# Instant Replay



## adocilesloth (Oct 22, 2017)

adocilesloth submitted a new resource:

Instant Replay - Plugin to facilitate Instant Replays in live streams

*Instant Replay OBS Studio*
This plugin is designed to provide the ability to add Instant Replays into a live stream.
It's effectively a combination of the "Automatic Scene Switching" and "Per Scene Volume" (from OBS Classic) plugins to allow instant replays in live streams.

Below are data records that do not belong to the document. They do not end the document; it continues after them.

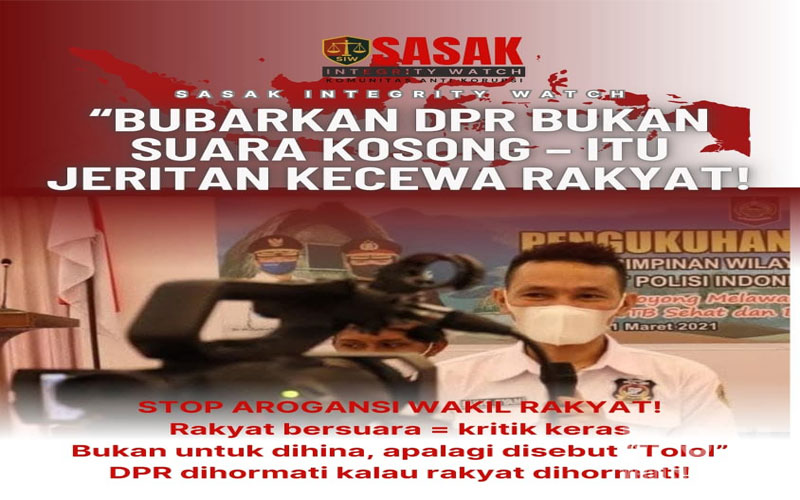 MediaSuaraMabes, Mataram – Dewan Pimpinan Nasional Sasak Integrity Watch (DPN SIW), Syamsuddin menyampaikan kritik keras atas pernyataan Anggota DPR, Sahroni, yang menyebut bahwa seruan masyarakat untuk “Bubarkan DPR” adalah sikap “paling tolol se-dunia”. Pernyataan tersebut dinilai arogan, tidak bijak, dan mencederai martabat rakyat yang sesungguhnya adalah pemilik kedaulatan.
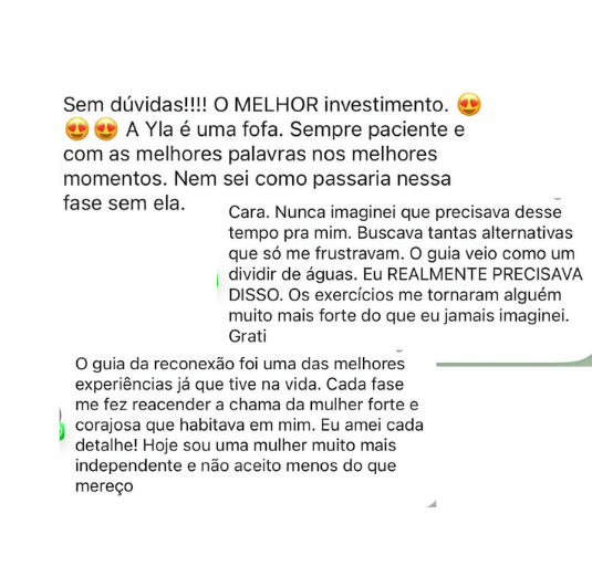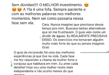 "O Guia da Reconexão foi a chave da libertação pra mim. A Yla sempre muito acolhedora e sensível, me deu os melhores conselhos que eu poderia receber. Hoje meu coração está mais leve e feliz."
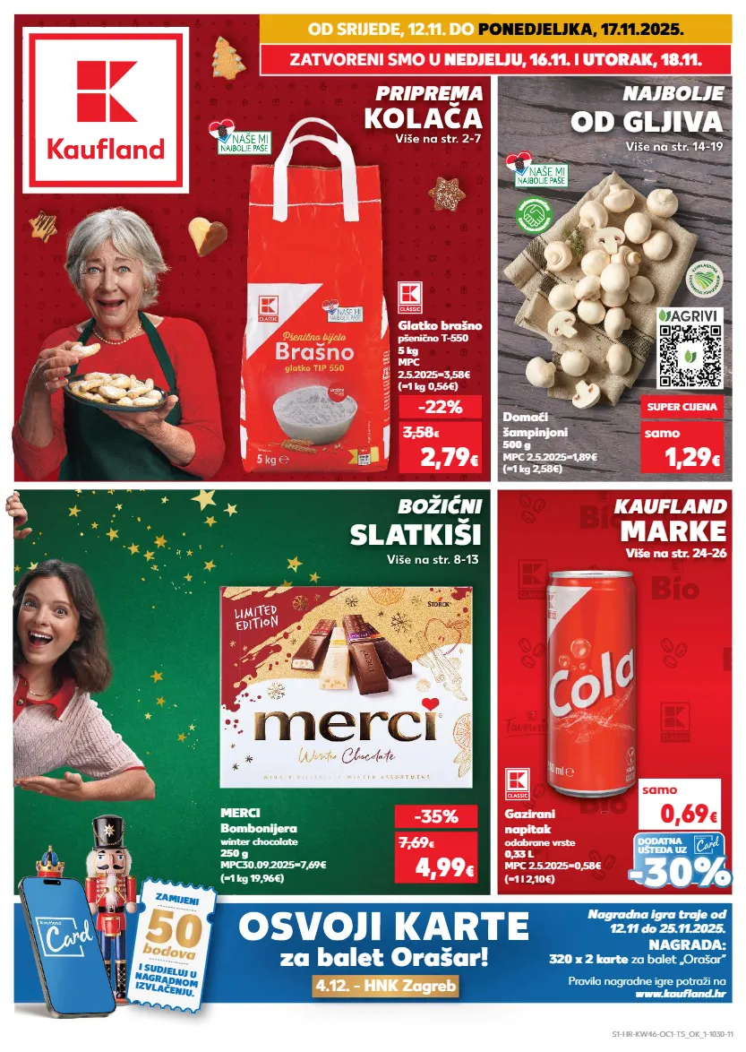 iste cijene na kopnu i na moru! samo kratkotrajna ponuda samo kratkotrajna ponuda kratkotrajna ponuda od srijede, 12.11. do ponedjeljka, 17.11.2025. više na str. 2-7 više na str. 8-13 više na str. 14-19 kaufland marke više na str. 8-13 božićni slatkiši više na str. 14-19 najbolje od gljiva više na str. 2-7 više na str. 2-7 više na str. 2-7 više na str. 2-7 više na str. 2-7 više na str. 2-7 više na str. 2-7 priprema kolača više na str. 24-26 zatvoreni smo u nedjelju, 16.11. i utorak, 18.11. osvoji karte osvoji osvoji karte za balet orašar! 4.12. - hnk zagreb zamijeni i sudjeluj u nagradnom izvlačenju. pravila nagradne igre potraži na www.kaufl and.hr nagradna igra traje od 12.11 do 25.11.2025. 320 x 2 karte za balet „orašar“ nagrada: više na str. 2-7 više na str. 2-7 više na str. 2-7 kolača kolača kolača kolača kolača kolača kolača više na str. 14-19 više na str. 14-19 7,69 € (=1 kg 19,96€) merci bombonijera winter chocolate 250 g mpc30.09.2025=7,69€ -22% 2,79 € 3,58 € (=1 kg 0,56€) glatko brašno pšenično t-550 5 kg mpc 2.5.2025=3,58€ k a u f l a n d k v a l i t e t a o b e ć a n j e s v j e ž i n e samo super cijena 1,29 € (=1 kg 2,58€) domaći šampinjoni 500 g mpc 2.5.2025=1,89€ samo 0,69 € (=1 l 2,10€) gazirani napitak odabrane vrste 0,33 l mpc 2.5.2025=0,58€ - - 30% 30% dodatna ušteda uz -35% 4,99 € s1-hr-kw46-oc1-ts_ok_1-1030-11
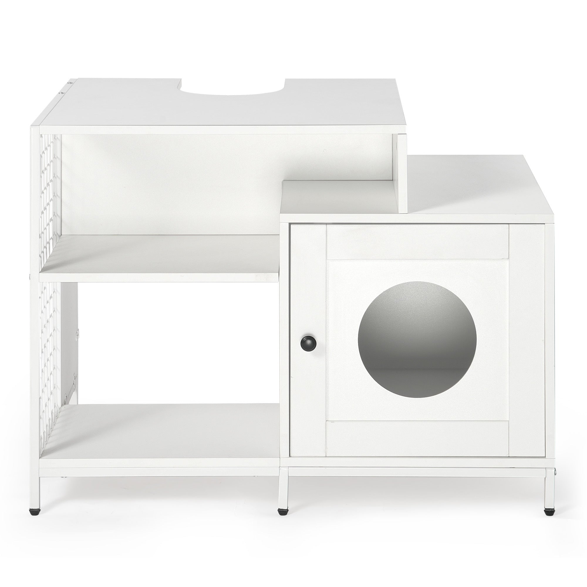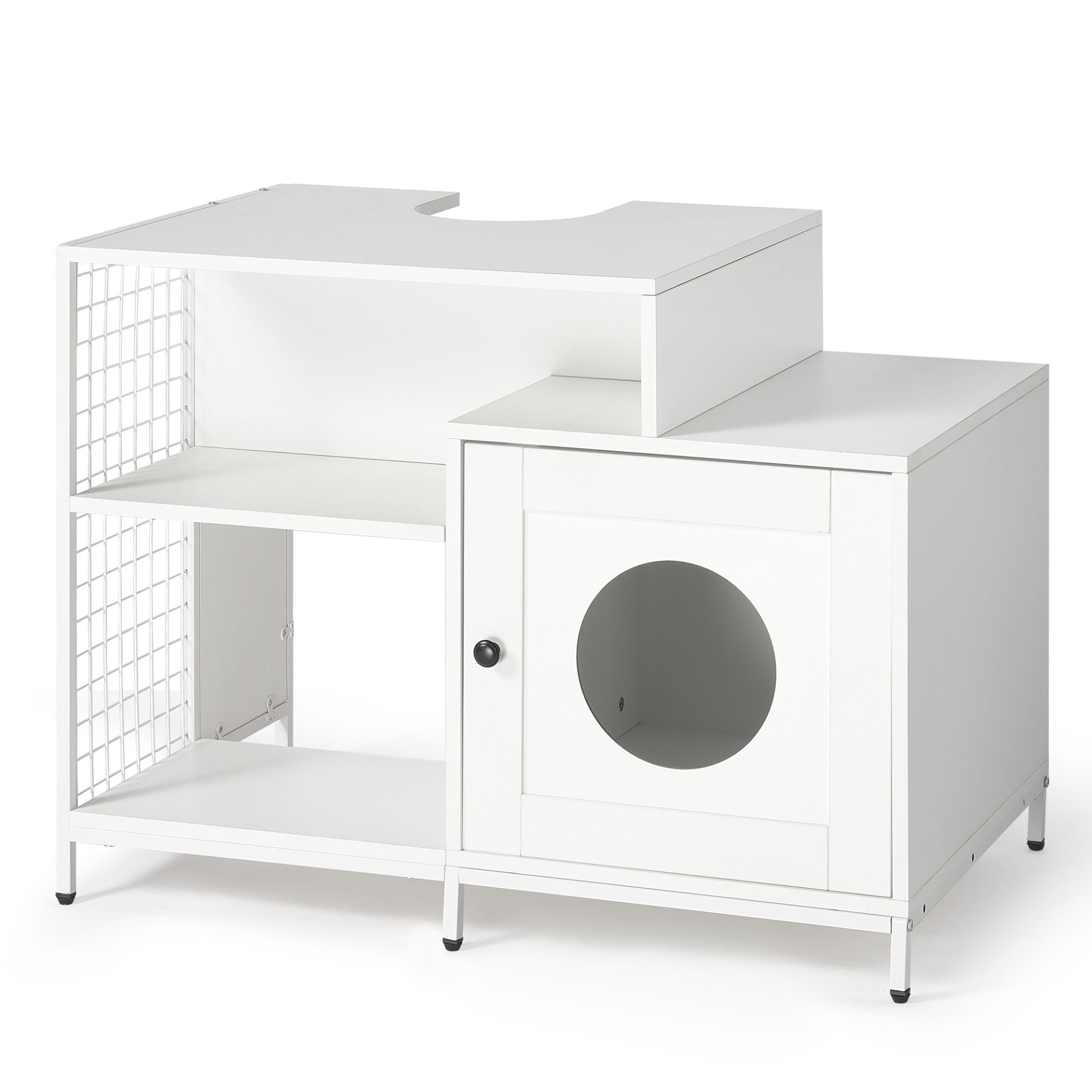 Cat litter box enclosure for bathroom, Hidden Litter Pet Washroom with Divider, Indoor Cat House for Large Cats, White
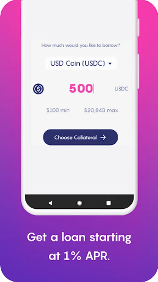 ● Borrow against your crypto with loans starting at 0.1% APR.

It's designed to work along side a Stinger Transition, but it will function with cuts or fades or what have you.

*An example:*





*Settings (Tools -> Instant Replay Settings):*





Fill out the settings as desired.

Enable - Enables/disable the plugins
Write Pause (s) - Pause to allow OBS to write the replay file. OBS can't instantly write a file. ~10 seconds should be okay. Find something that works for you
Transition Pause (ms) - Length of the transition in milliseconds. If the stinger is at 30fps, multiply the number of frames by 33. If the stinger is at 60fps, multiply the number of frames by 16.
Replay Length (s) - Length of the replay in seconds. OBS does not always write as much replay as you tell it to so this may need to be a second or two shorter than the buffer length.
Replay Scene - Scene to switch to that has the replay source.
Mute Desktop Audio - Mute the Desktop Audio channels when replay is playing.
Mute Mic/Aux - Mute the Mic/Aux channels when replay is playing.

Hotkey (Settings -> Hotkeys):



Find the "Instant Replay" hotkey (highlighted above in red). Set it *TO THE SAME KEY* as you have "Save Replay" (highlighted in orange).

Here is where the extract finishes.